We then compared the antibiotic resistance patterns between the major- and minor-clade strains. There was no significant difference in the median number of antibiotic classes to which strains from the two groups were resistant (5.0 vs. 4.0, p = 0.9576, Figure 3B). Analysis of individual antibiotics showed that most resistance rates were similar between the phylogroups.

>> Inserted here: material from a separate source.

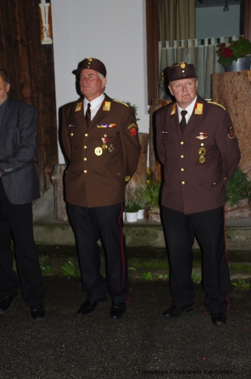 Im Anschluss an die Verleihung auf Schloss Tirol fand ein Empfang beim Trenkwalder in Karrösten statt. Zahlreiche Feuerwehrfunktionäre – an der Spitze Landesfeuerwehrkommandant LBD Ing. Peter Hölzl – der gesamte Bezirksausschuss, BGM Oswald Krabacher, die Feuerwehr, Schützenabordnung, Musikkapelle und natürlich die Familie gratulierten dem Geehrten. (c) Föger Werner

Both groups exhibited high resistance to ciprofloxacin (93.1% vs. 78.3%, p = 0.1091), trimethoprim/sulfamethoxazole (55.2% vs. 69.6%, p = 0.3147), chloramphenicol (55.2% vs. 65.2%, p = 0.4621), and florfenicol (55.2% vs. 65.2%, p = 0.4621); moderate resistance to gentamicin (39.6% vs. 17.4%, p = 0.0696); and relative sensitivity to amikacin (12.1% vs. 4.3%, p = 0.4293), meropenem (1.7% vs. 0%, p = 0.9999), tigecycline (1.7% vs. 0%, p = 0.9999), and colistin (3.4% vs. 4.3%, p = 0.9999; Figure 3C). Notable exceptions included the significantly higher resistance in the major-clade strains to ceftriaxone (96.6% vs. 60.9%, p < 0.0001), ceftazidime (58.6% vs. 26.1%, p = 0.013), cefotaxime (93.1% vs. 60.9%, p = 0.0011), and amoxicillin/clavulanic acid (81.0% vs. 43.5%, p = 0.0023). Conversely, the minor-clade strains exhibited significantly higher resistance to tetracycline (95.7% vs. 58.6%, p = 0.0010; Figure 3C).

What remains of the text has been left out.